▶ _DATA UNDER STUDY_:
-*-*-

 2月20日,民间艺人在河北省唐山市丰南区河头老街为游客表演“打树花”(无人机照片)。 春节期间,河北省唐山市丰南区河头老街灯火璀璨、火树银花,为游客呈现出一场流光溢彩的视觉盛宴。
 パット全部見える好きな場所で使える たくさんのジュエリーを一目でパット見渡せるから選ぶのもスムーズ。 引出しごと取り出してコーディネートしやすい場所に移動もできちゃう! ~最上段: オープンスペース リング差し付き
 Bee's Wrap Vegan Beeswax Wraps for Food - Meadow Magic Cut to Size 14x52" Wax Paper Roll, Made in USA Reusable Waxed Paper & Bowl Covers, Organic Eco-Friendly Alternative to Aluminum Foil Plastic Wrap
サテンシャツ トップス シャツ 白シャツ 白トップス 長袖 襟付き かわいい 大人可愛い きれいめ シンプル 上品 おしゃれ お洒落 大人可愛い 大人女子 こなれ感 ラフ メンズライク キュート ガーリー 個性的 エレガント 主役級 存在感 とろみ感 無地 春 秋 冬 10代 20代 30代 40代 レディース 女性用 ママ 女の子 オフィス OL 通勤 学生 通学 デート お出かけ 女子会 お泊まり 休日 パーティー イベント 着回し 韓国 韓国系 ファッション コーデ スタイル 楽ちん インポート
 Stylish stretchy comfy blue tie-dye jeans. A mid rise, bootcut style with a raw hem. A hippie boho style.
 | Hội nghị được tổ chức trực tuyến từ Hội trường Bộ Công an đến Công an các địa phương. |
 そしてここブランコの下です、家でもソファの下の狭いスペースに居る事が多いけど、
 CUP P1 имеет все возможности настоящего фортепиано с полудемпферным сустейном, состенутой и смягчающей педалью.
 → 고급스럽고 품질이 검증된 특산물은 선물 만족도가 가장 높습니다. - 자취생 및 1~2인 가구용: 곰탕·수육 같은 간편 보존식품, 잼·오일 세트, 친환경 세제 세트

-*-*-

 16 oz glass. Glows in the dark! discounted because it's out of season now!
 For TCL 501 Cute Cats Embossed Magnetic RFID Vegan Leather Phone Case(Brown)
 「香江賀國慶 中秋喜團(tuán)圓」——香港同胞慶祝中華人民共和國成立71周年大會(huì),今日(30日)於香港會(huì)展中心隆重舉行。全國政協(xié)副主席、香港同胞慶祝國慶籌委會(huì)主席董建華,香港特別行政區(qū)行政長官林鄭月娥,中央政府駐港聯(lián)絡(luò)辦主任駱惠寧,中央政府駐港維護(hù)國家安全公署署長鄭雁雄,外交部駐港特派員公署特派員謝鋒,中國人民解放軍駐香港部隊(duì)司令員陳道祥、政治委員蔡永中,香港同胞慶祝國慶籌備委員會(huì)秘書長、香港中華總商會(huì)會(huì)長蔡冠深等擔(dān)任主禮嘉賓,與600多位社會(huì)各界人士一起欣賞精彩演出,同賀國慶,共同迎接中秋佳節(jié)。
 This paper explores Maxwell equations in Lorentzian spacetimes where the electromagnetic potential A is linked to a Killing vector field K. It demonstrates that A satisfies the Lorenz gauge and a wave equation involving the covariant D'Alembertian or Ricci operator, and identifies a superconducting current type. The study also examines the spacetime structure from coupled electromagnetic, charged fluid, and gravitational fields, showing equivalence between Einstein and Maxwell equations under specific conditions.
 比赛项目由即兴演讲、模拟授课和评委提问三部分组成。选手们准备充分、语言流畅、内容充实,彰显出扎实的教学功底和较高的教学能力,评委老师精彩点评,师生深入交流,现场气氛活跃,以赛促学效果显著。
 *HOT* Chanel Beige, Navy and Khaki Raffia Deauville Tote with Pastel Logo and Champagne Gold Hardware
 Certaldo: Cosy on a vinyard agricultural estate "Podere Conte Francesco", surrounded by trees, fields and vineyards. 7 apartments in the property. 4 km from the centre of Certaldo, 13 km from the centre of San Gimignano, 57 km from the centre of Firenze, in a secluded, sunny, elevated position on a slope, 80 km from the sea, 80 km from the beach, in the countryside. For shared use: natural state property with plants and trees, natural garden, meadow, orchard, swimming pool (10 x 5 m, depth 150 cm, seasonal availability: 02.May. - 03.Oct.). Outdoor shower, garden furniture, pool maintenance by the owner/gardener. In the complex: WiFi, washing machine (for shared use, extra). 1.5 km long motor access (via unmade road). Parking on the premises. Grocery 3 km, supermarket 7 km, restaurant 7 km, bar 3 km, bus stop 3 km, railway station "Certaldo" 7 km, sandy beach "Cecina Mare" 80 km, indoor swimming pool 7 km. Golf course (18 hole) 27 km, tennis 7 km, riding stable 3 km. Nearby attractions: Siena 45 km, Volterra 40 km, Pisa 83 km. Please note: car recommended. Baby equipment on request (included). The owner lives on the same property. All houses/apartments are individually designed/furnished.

-*-*-

▶ _AIM OF THE EXERCISE_: Look above for the line with "địa phương. |" and the line with "세트, 친환경 세제 세트"; transcribe both and all lines in between, exactly, and nothing else.

▶ _TASK OUTPUT_:
 | Hội nghị được tổ chức trực tuyến từ Hội trường Bộ Công an đến Công an các địa phương. |
 そしてここブランコの下です、家でもソファの下の狭いスペースに居る事が多いけど、
 CUP P1 имеет все возможности настоящего фортепиано с полудемпферным сустейном, состенутой и смягчающей педалью.
 → 고급스럽고 품질이 검증된 특산물은 선물 만족도가 가장 높습니다. - 자취생 및 1~2인 가구용: 곰탕·수육 같은 간편 보존식품, 잼·오일 세트, 친환경 세제 세트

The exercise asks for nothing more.